Sesame HTTP: Basic Principles of crawlers and basic principles of sesame Crawlers
We can compare the Internet to a large network, and crawlers (web crawlers) are web crawlers. Comparing the nodes of the network to a Web page, crawlers can access the page and obtain its information. The connection between nodes can be compared to the link between a webpage and a webpage. After a spider passes through a node, it can continue crawling along the node connection to the next node, that is to say, you can continue to obtain the subsequent Webpage through a webpage, so that all the nodes on the entire network can be crawled by the spider, and the website data can be crawled.
1. crawler Overview
To put it simply, crawlers are automated programs for retrieving webpages and extracting and storing information. The following is an overview.
(1) webpage Retrieval
Crawlers need to obtain the webpage source code first. The source code contains some useful information about the web page. You only need to obtain the source code to extract the desired information.
The following describes the concept of request and response. When sending a request to a website server, the response body is the source code of the webpage. Therefore, the most important part is to construct a request and send it to the server, then receive the response and parse it. How can this process be implemented? You cannot extract the source code of a webpage manually, right?
Don't worry. Python provides many libraries to help us implement this operation, such as urllib and requests. We can use these libraries to help us implement HTTP request operations. Both requests and responses can be expressed in the data structure provided by the class library. After a response is obtained, we only need to parse the Body part of the data structure, the source code of the webpage is obtained, so that we can use a program to obtain the webpage.
(2) extract information
After obtaining the webpage source code, we will analyze the webpage source code and extract the data we want. First, the most common method is regular expression extraction. This is a 10 thousand-bit method, but it is complicated and error-prone when constructing regular expressions.

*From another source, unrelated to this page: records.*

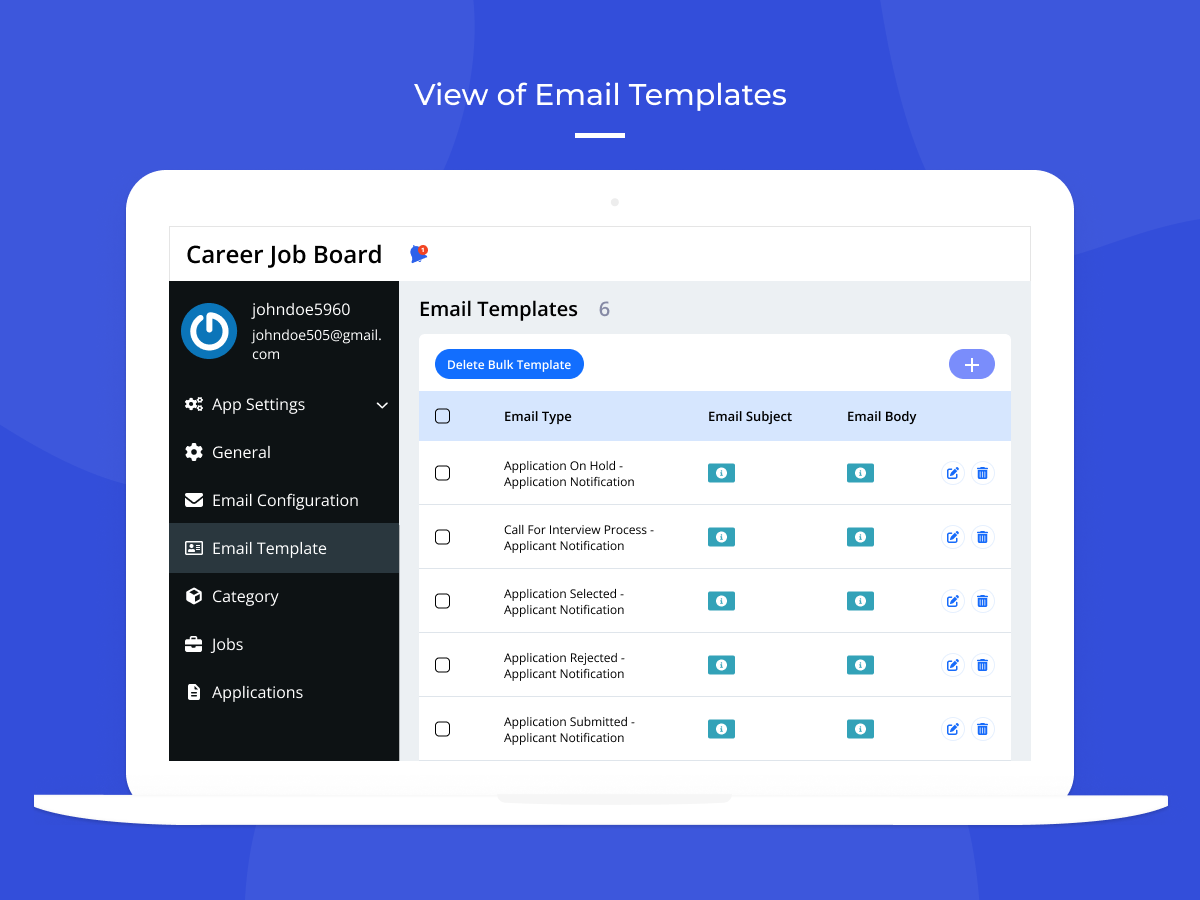 • Enable automated email notifications for both admins and applicants to streamline recruitment communication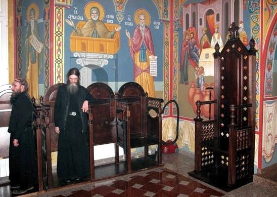 Однако если мы окажемся в греческом православном храмы, то мы увидим там те же самые скамейки, что и у католиков. Там же мы обязательно обнаружим стасидии — высокие деревянные кресла с откидным сиденьем. Но, несмотря на наличие скамеек, прихожане греческих храмов большую часть службы тоже проводят стоя.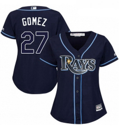 Womens Majestic Tampa Bay Rays 27 Carlos Gomez Authentic Navy Blue Alternate Cool Base MLB Jersey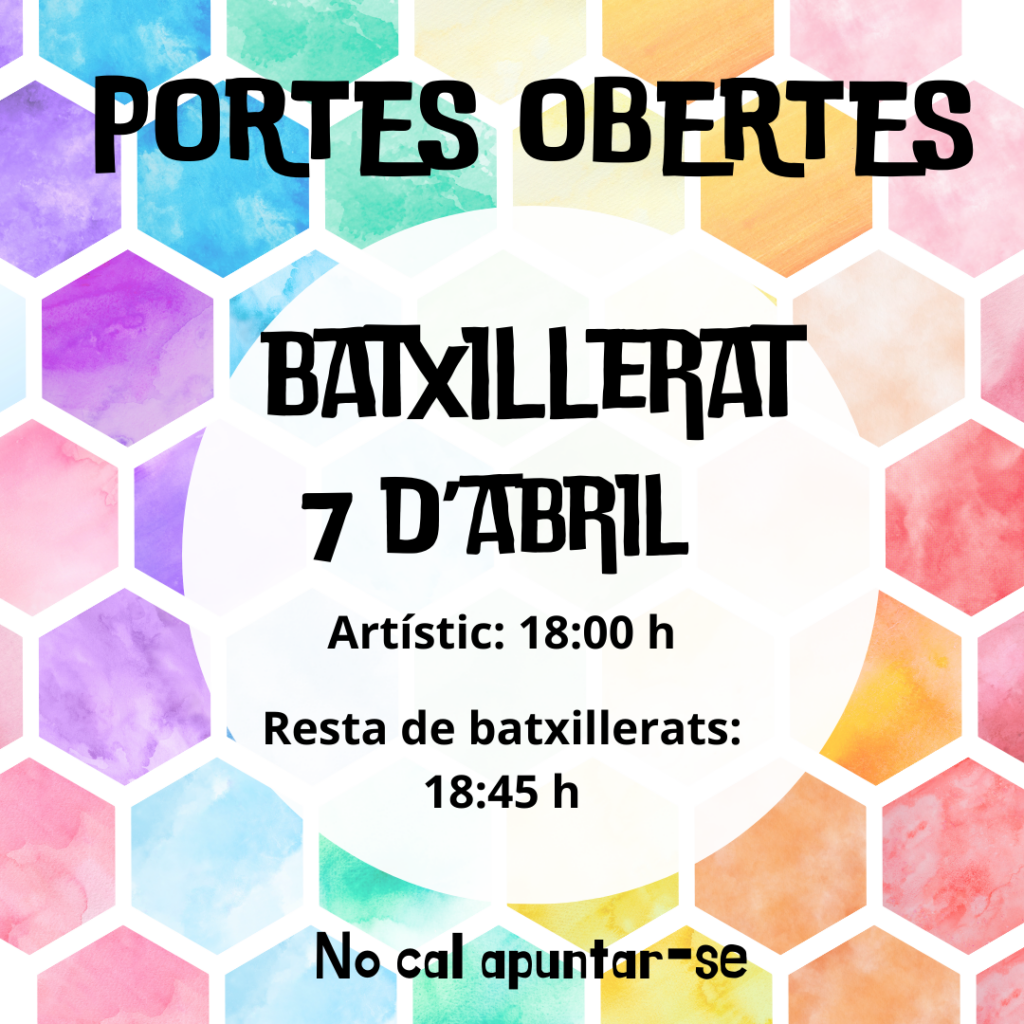 Ens plau convidar-vos a l’exposició interdisciplinar del nostre alumnat del Batxillerat Artístic del curs 25-26, que tindrà lloc el proper divendres 6 de març a les 18 hores, a la Caserna CIPH de Mratorell (Passeig Quarter 9 – La Vila). L’exposició, que porta per nom “Art en diàleg”, és una mostra de creació i reflexió dels nostre alumnat d’entre 16 i 18 […]

In addition, because the webpage structure has certain rules, there are also some libraries that extract webpage information based on the webpage node attributes, CSS selector or XPath, such as Beautiful Soup, pyquery, and lxml. Using these libraries, We can efficiently and quickly extract webpage information, such as node attributes and text values.

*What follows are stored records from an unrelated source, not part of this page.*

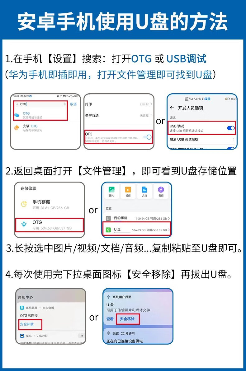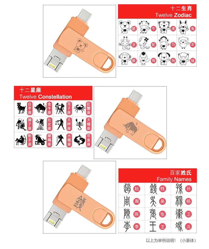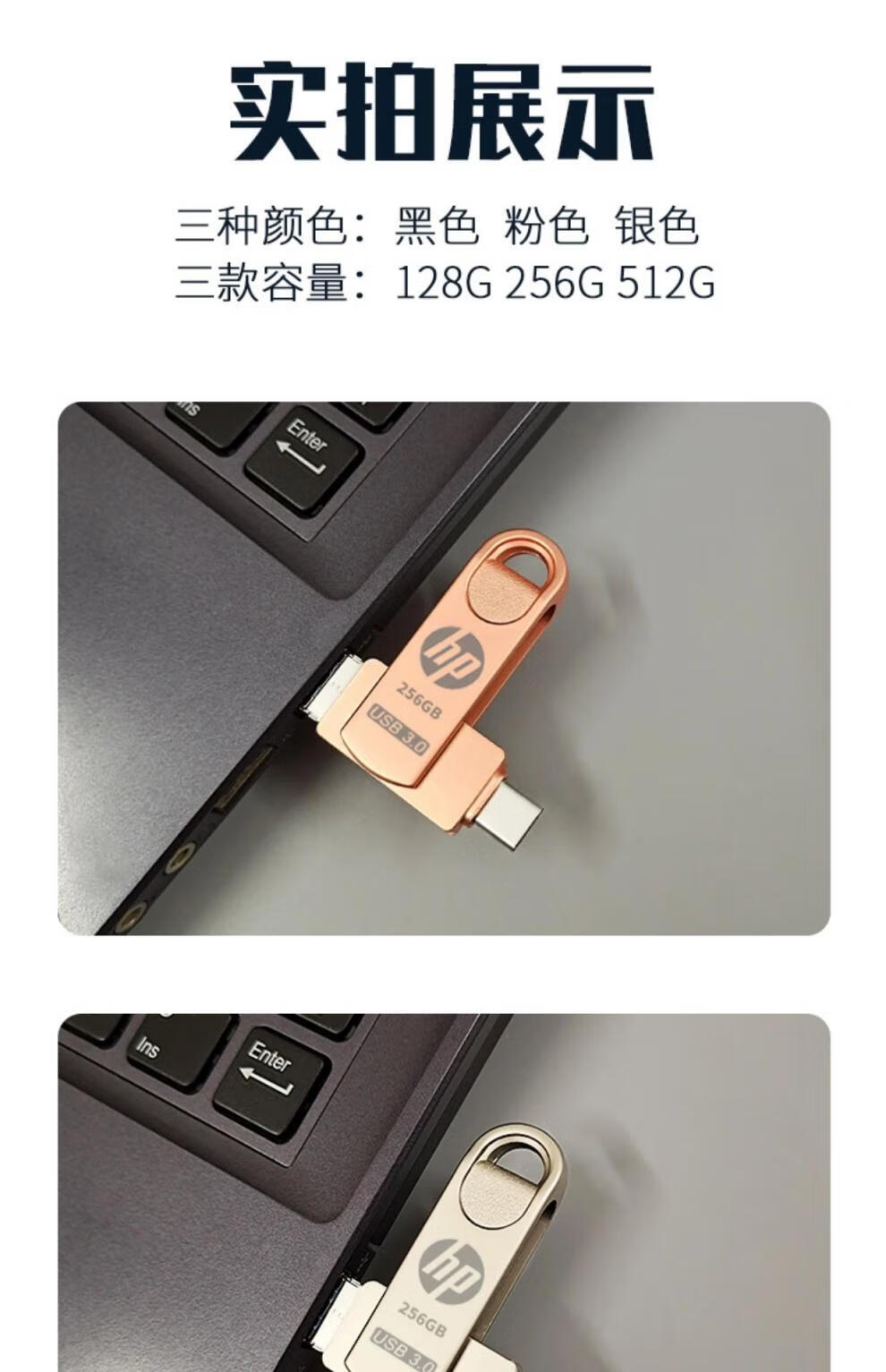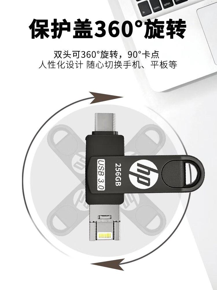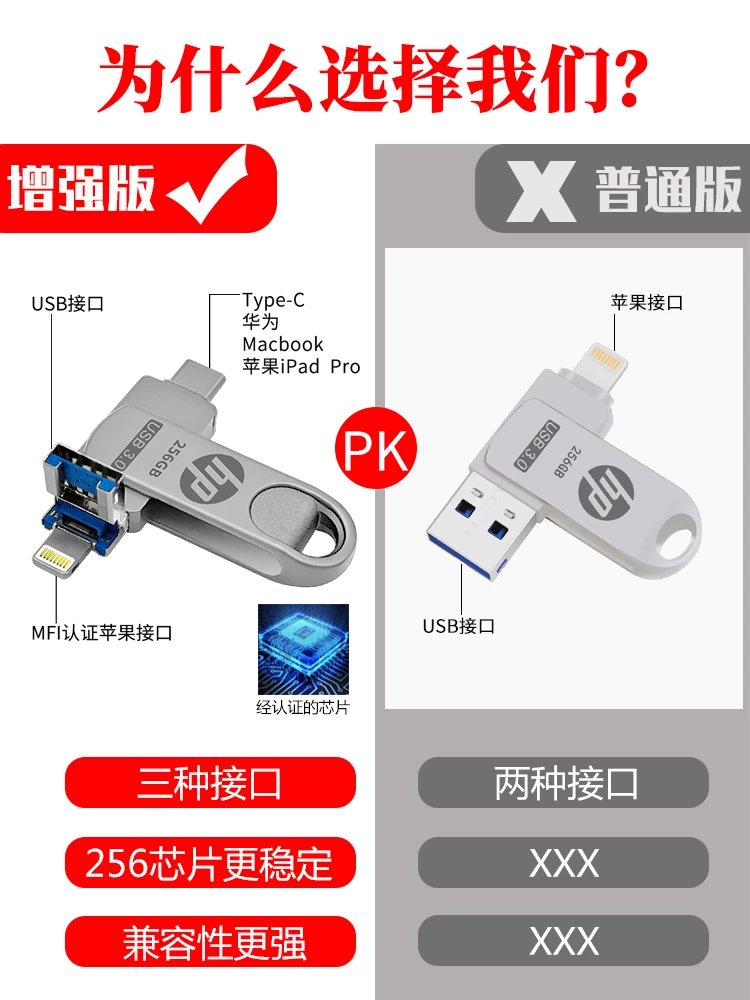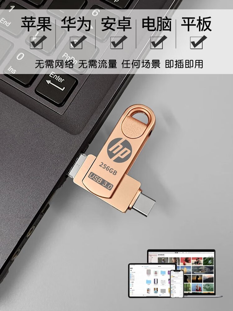 Three-in-one Huawei typec dual-interface three-purpose USB flash drive for Apple mobile phones, computers, tablets, and iPads, orange, three-in-one pink, 256G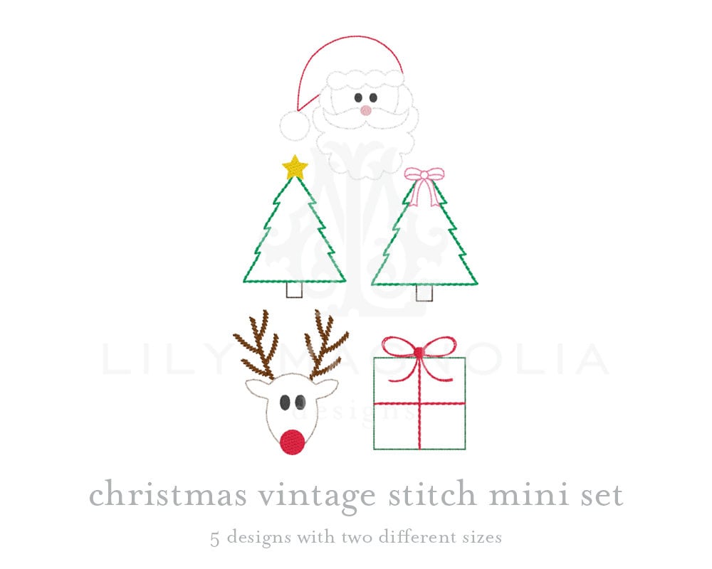 Christmas vintage stitch mini set embroidery design, mini christmas...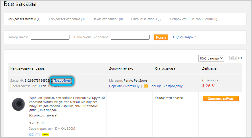 - кликнуть рядом с заказом раздел «Подробнее» – в графе высветятся детали покупки;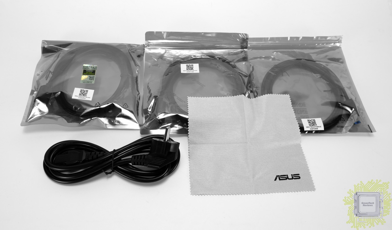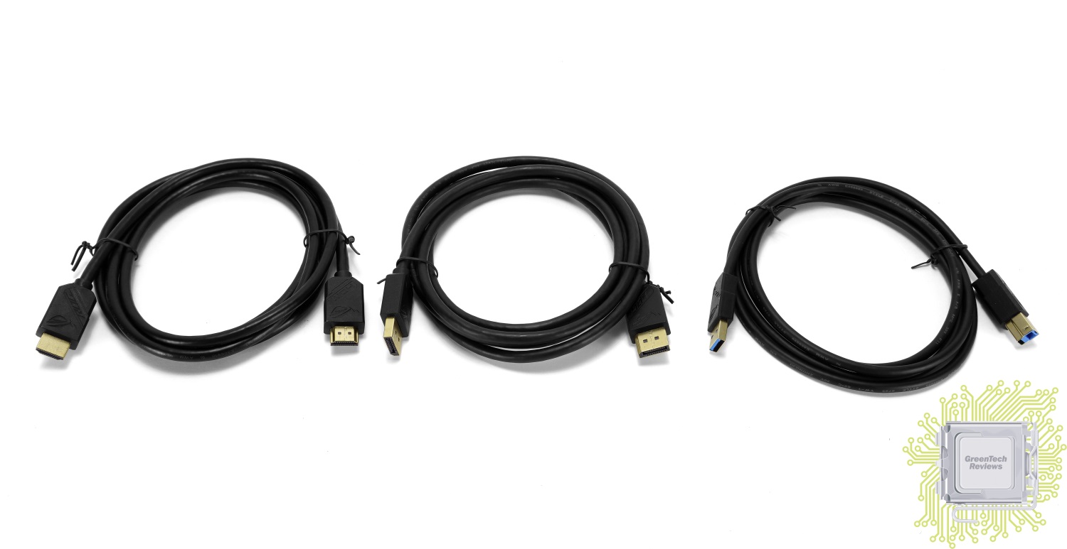 В антистатических пакетах находятся три кабеля — USB Type-C, USB Type-B (3.0), HDMI и DisplayPort.

Information Extraction is a very important part of crawlers. It can make messy data clear, so that we can process and analyze data later.
(3) Save data
After extracting information, we usually save the extracted data to a certain place for future use. There are a variety of storage formats, such as the TXT text or JSON text, or the database, such as MySQL and MongoDB, or the remote server, such as using SFTP for operations.
(4) Automation program
When it comes to automated programs, it means that crawlers can complete these operations on behalf of people. First of all, we can extract this information manually, but if the equivalent is very large or you want to quickly obtain a large amount of data, you must use the program. Crawler is an automated program that replaces us to complete this crawling job. It can perform various Exception Handling, error retry, and other operations during the crawling process to ensure continuous and efficient crawling.
2. what data can be captured?
We can see a variety of information on the Web page. The most common is the regular web page, which corresponds to HTML code, and the most common crawling is the HTML source code.
In addition, some web pages may return not HTML code, but a JSON string (most of the API interfaces use this format). Data in this format can be easily transmitted and parsed, and they can also be crawled, in addition, data extraction is more convenient.
In addition, we can see a variety of binary data, such as slices, videos, and audios. With crawlers, we can capture the binary data and save it as the corresponding file name.
In addition, you can also see files with various extensions, such as CSS, JavaScript, and configuration files. These files are actually the most common files that can be accessed in a browser, you can capture it.
In fact, the above content corresponds to their respective URLs, which are based on HTTP or HTTPS protocol. crawlers can crawl such data.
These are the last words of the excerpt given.